Spender laid out the quest for a Pacific pact in his first foreign policy statement to parliament on 9 March 1950. (Menzies had led the Coalition to power in December 1949.) His statement on “international affairs” is a foundational document of Australian foreign policy.
In his memoirs, Spender wrote that Menzies was “unenthusiastic” and “poured cold water” on the efforts to create a Pacific pact. The Menzies view was that Australia didn’t need a formal alliance because the United States was “already overwhelmingly friendly to us and Australia could rely on her.” In both London and Ottawa, Spender said, Menzies used the “superstructure on a foundation of jelly” description.
The jelly perspective from the Washington is given by secretary of state Dean Acheson, who signed the ANZUS treaty in 1951 and gave president Harry Truman this account of the first ANZUS council with Australia and New Zealand in 1952: “It seemed to me that both countries suffered from a paucity of knowledge of what was going on and faulty appreciation of current situations. They felt remote, uninformed and worried by the unknown.”

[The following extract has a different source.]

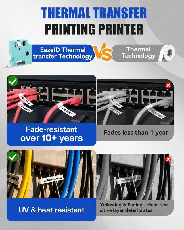 SPECIALIZED HEAT SHRINK LABELING: Go beyond basic labeling with specialized heat shrink functionality. This heat shrink label maker is ideal for professional wire and cable identification, creating durable, permanent labels that conform tightly to cables. The heat shrink label maker compatible with dymo label maker tape 18055 a18055 Rhino Heat Shrink Tube Labels, making it a strong alternative for industrial applications. This cable label maker is a must-have for electricians, engineers, and IT professionals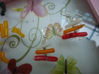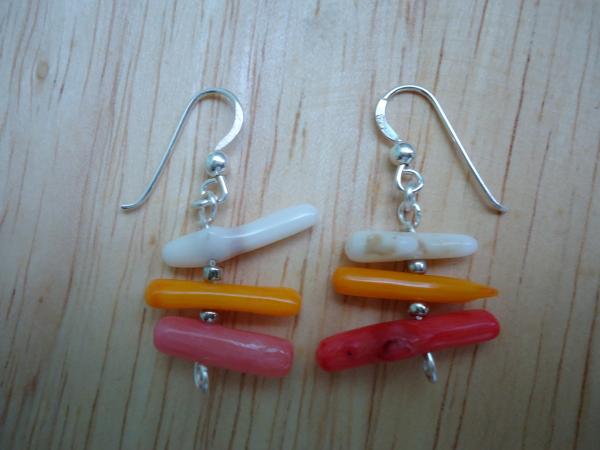 材質: 多色珊瑚,鍍銀銅線,925純銀耳勾(可改夾)

Menzies’s scepticism was based on long experience of American diplomatic reluctance and outright resistance from the US military. From 1936 to 1950, in the words of diplomat Alan Watt, all Australian political parties “advocated negotiation of some form of Pacific security pact as an essential element in Australian foreign policy.” Menzies’s scepticism about the Americans also went to the core of his personality and beliefs — his Britishness.
Menzies was uncomfortable with the shift from a family relationship with Britain to a contract with Washington. And his eventual passion for ANZUS was tinged with disappointment at the decline of Britain’s role.
For international relations scholar Coral Bell, Australia’s “over-long national adolescence as part of the British Raj” produced a model of a family commitment that was comprehensive and automatic and didn’t need to be defined in writing. ANZUS marked the move to the world of contract: “It was not comprehensive, never covering economic relationships, nor even all security problems (though at one stage Australian policy-makers tried hard to interpret it as doing so). It wasn’t automatic, but required an act of political will — a choice — at a specific time by both parties.”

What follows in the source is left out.